__TASK BRIEF__:
Without the images, set down each entry exactly.

__RECORDS__:
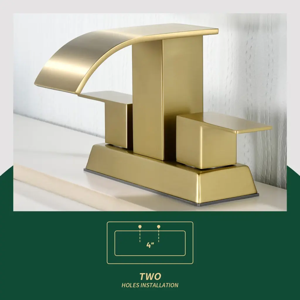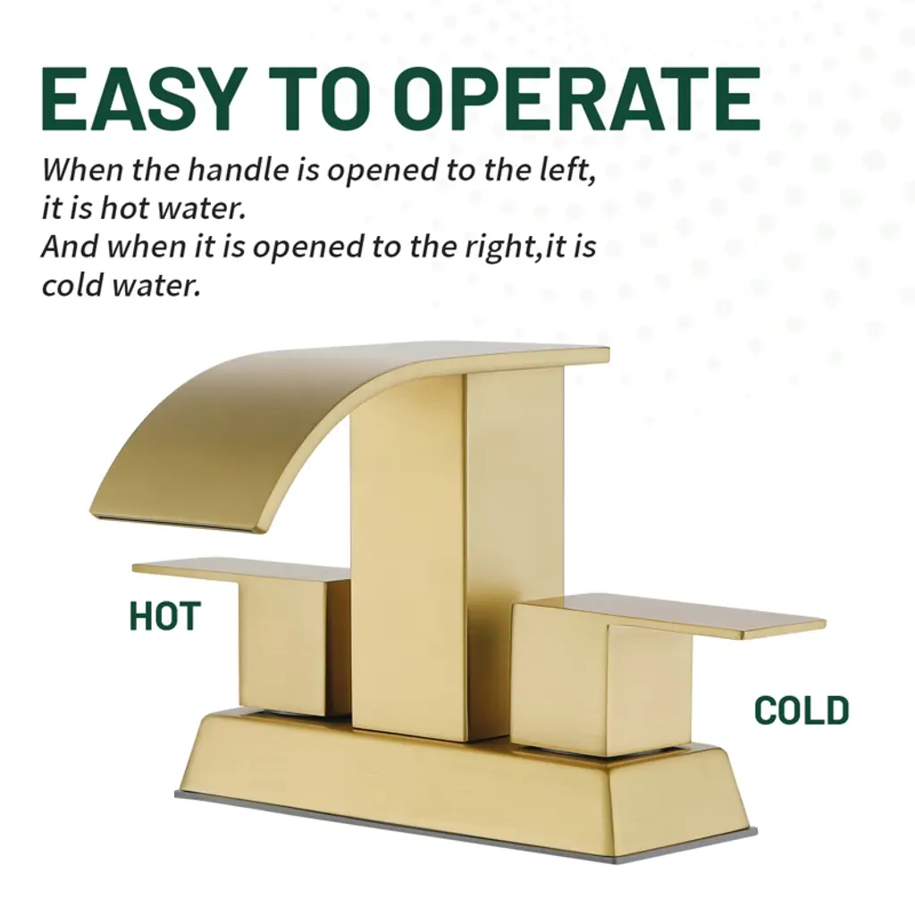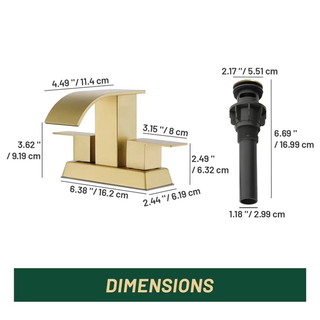 Cobbe Centerset Bathroom Sink Faucet 4-inch Two-handle With Pop-up Drain And Supply Hoses Brushed Gold
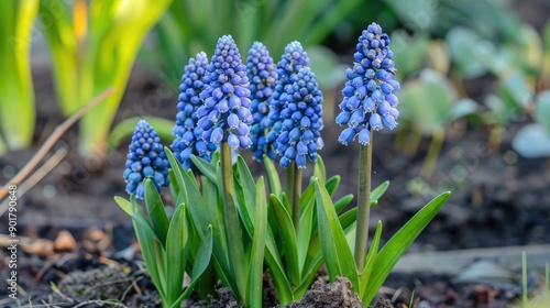 Gorgeous grape hyacinth flowers in the garden
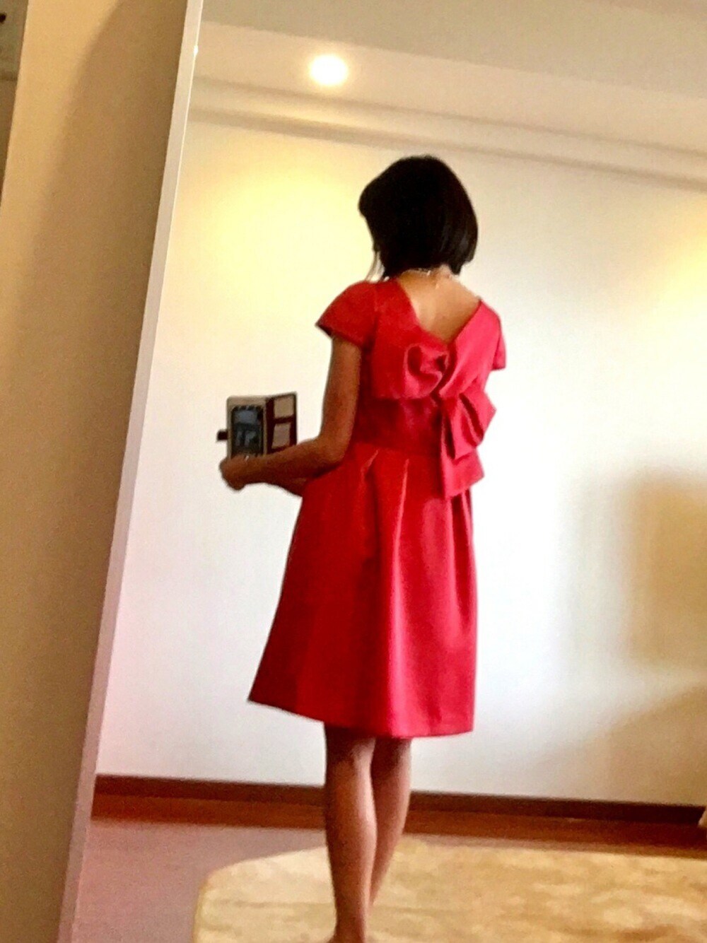 背中のリボンがお気に入り!! 結婚式用に買ったワンピース♫ 赤に近いピンクのワンピは初めてでうれしいな(*^▽^*) オトナだからこそ似合うようになった気がするのです。
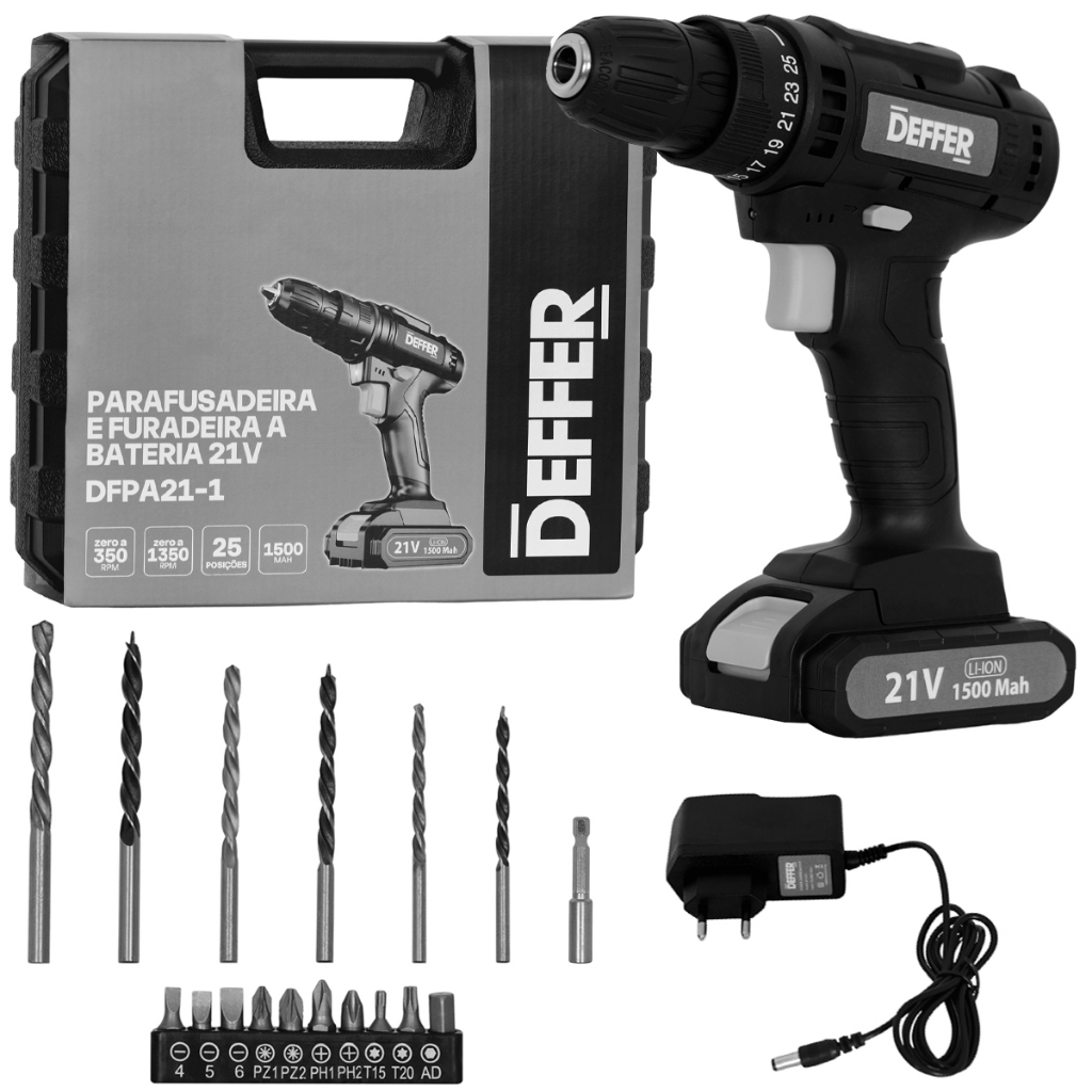 Parafusadeira e Furadeira a Bateria 21V Com Maleta + Kit Completo de Brocas e Bits - DEFFER
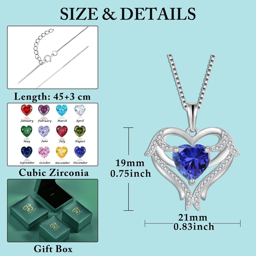 ❤ Unique Design ❤ Angel wing jewelry has gained popularity for it's beautiful symbolic meaning of love, spirituality and protection. Inspired by angel wings and birthstones, meaningful design concepts. Each month's birthstones have good meanings as well as attributes. It's a thoughtful present for mom, wife, daughter, sister, girlfriend, best friend or yourself. ❤ High Quality ❤ Material: 925 sterling silver with AAA cubic zirconia, which is hypoallergenic and will not get dark or change color. ❤ Suitable Size ❤ Chain Length: 45+3 cm. Pendant Size: 19 * 21 mm / 0.75 * 0.83 inch. Birthstone Size: 8 * 8 mm / 0.31 * 0.31 inch. ❤ Perfect Gift ❤ Delivery with a delicate gift box, a Perfect Gift for Valentine's Day, Anniversaries, Birthday, Mother's Day, Graduation Season or Christmas! ❤ Without Worry ❤ If you have any question or problem about the item, please contact us. We will reply you within 24 hours.
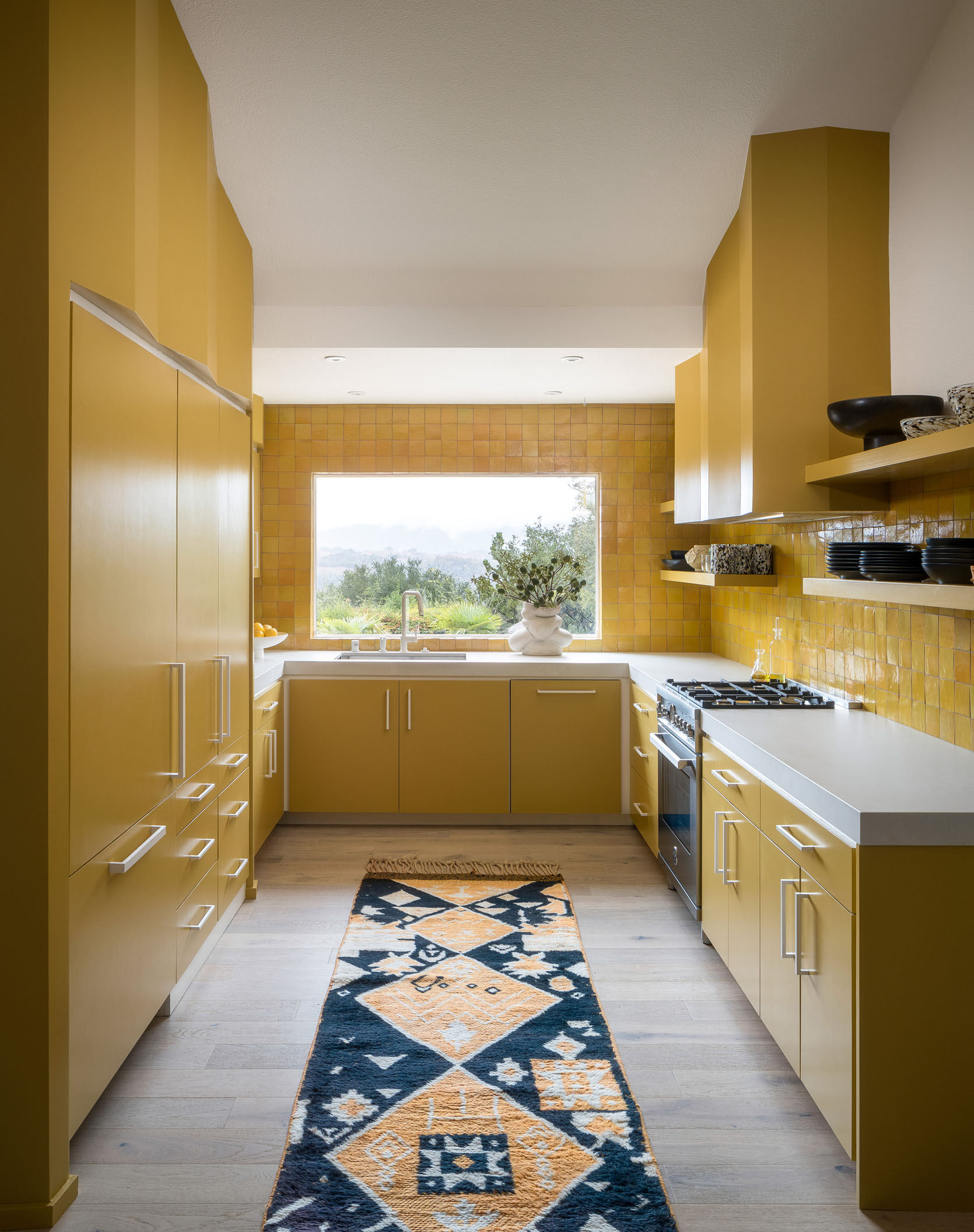 “We think the monochromatic look is done best when you fully immerse the room in the chosen color but change things up with a complimentary neutral and varying textures. For this kitchen, we complimented the bold yellow with a bright white and brought it through in cabinetry details, the countertop, plumbing fixtures, and hardware. On the reverse side of things, we chose the use of yellow in two ways- through the use of the color Dylan from Portola Paints saturating the cabinetry and geometric walls and the cadmium zellige from Zia Tile that has a color story all on its own.”
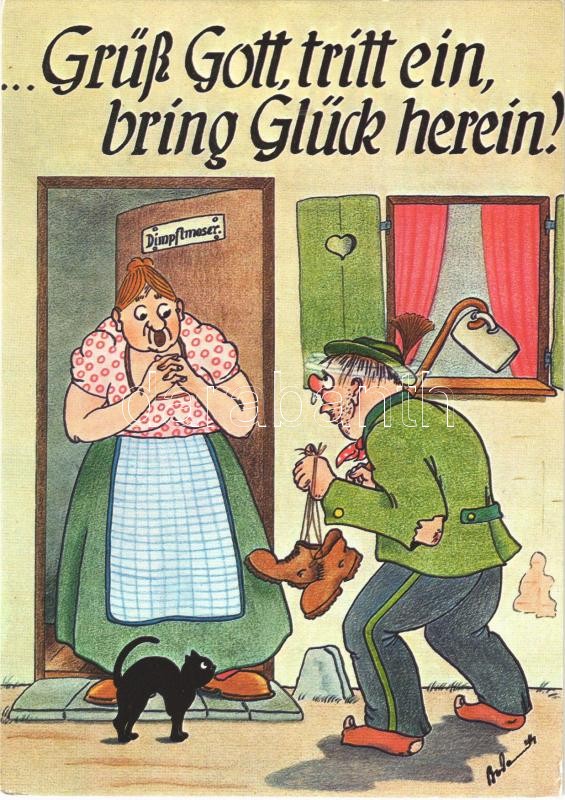Grüß Gott, tritt ein, bring Glück herein! / marriage humour art postcard (EK)
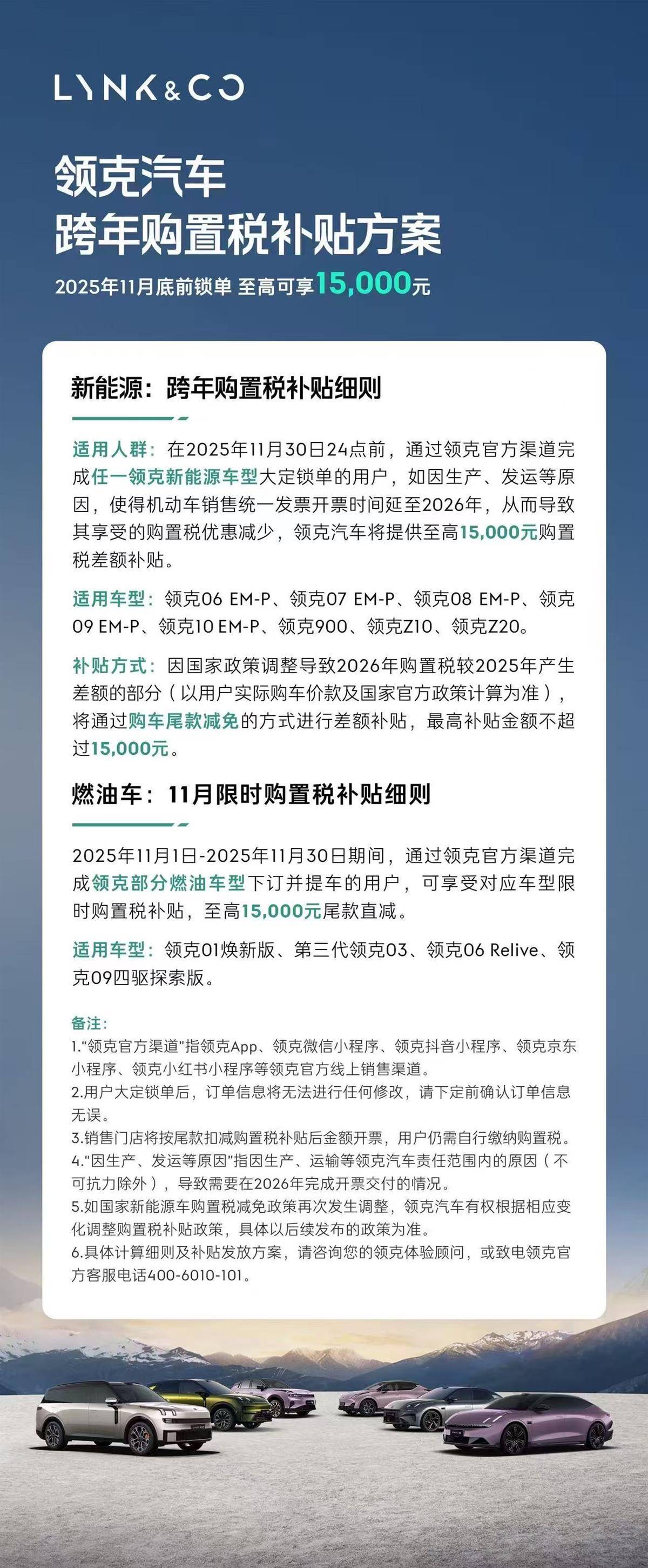 为感谢用户的信任与支持,消除用户担心因跨年开票及交付可能导致的购置税优惠减少的顾虑,领克针对新能源车型特别推出“跨年购置税补贴方案”政策。凡在2025年11月30日24点前,通过领克官方渠道完成任一领克新能源车型大定锁单,如生产、发运等原因,使得机动车销售统一发票开票时间延至2026年,从而导致其享受的购置税优惠减少,领克汽车将为用户提供购置税差额补贴,补贴标准以用户实际购车价款及国家官方政策计算为准,单辆车最高补贴金额不超过15,000元。

__ANSWER BELOW__:
 Cobbe Centerset Bathroom Sink Faucet 4-inch Two-handle With Pop-up Drain And Supply Hoses Brushed Gold
 Gorgeous grape hyacinth flowers in the garden
 背中のリボンがお気に入り!! 結婚式用に買ったワンピース♫ 赤に近いピンクのワンピは初めてでうれしいな(*^▽^*) オトナだからこそ似合うようになった気がするのです。
 Parafusadeira e Furadeira a Bateria 21V Com Maleta + Kit Completo de Brocas e Bits - DEFFER
 ❤ Unique Design ❤ Angel wing jewelry has gained popularity for it's beautiful symbolic meaning of love, spirituality and protection. Inspired by angel wings and birthstones, meaningful design concepts. Each month's birthstones have good meanings as well as attributes. It's a thoughtful present for mom, wife, daughter, sister, girlfriend, best friend or yourself. ❤ High Quality ❤ Material: 925 sterling silver with AAA cubic zirconia, which is hypoallergenic and will not get dark or change color. ❤ Suitable Size ❤ Chain Length: 45+3 cm. Pendant Size: 19 * 21 mm / 0.75 * 0.83 inch. Birthstone Size: 8 * 8 mm / 0.31 * 0.31 inch. ❤ Perfect Gift ❤ Delivery with a delicate gift box, a Perfect Gift for Valentine's Day, Anniversaries, Birthday, Mother's Day, Graduation Season or Christmas! ❤ Without Worry ❤ If you have any question or problem about the item, please contact us. We will reply you within 24 hours.
 “We think the monochromatic look is done best when you fully immerse the room in the chosen color but change things up with a complimentary neutral and varying textures. For this kitchen, we complimented the bold yellow with a bright white and brought it through in cabinetry details, the countertop, plumbing fixtures, and hardware. On the reverse side of things, we chose the use of yellow in two ways- through the use of the color Dylan from Portola Paints saturating the cabinetry and geometric walls and the cadmium zellige from Zia Tile that has a color story all on its own.”
Grüß Gott, tritt ein, bring Glück herein! / marriage humour art postcard (EK)
 为感谢用户的信任与支持,消除用户担心因跨年开票及交付可能导致的购置税优惠减少的顾虑,领克针对新能源车型特别推出“跨年购置税补贴方案”政策。凡在2025年11月30日24点前,通过领克官方渠道完成任一领克新能源车型大定锁单,如生产、发运等原因,使得机动车销售统一发票开票时间延至2026年,从而导致其享受的购置税优惠减少,领克汽车将为用户提供购置税差额补贴,补贴标准以用户实际购车价款及国家官方政策计算为准,单辆车最高补贴金额不超过15,000元。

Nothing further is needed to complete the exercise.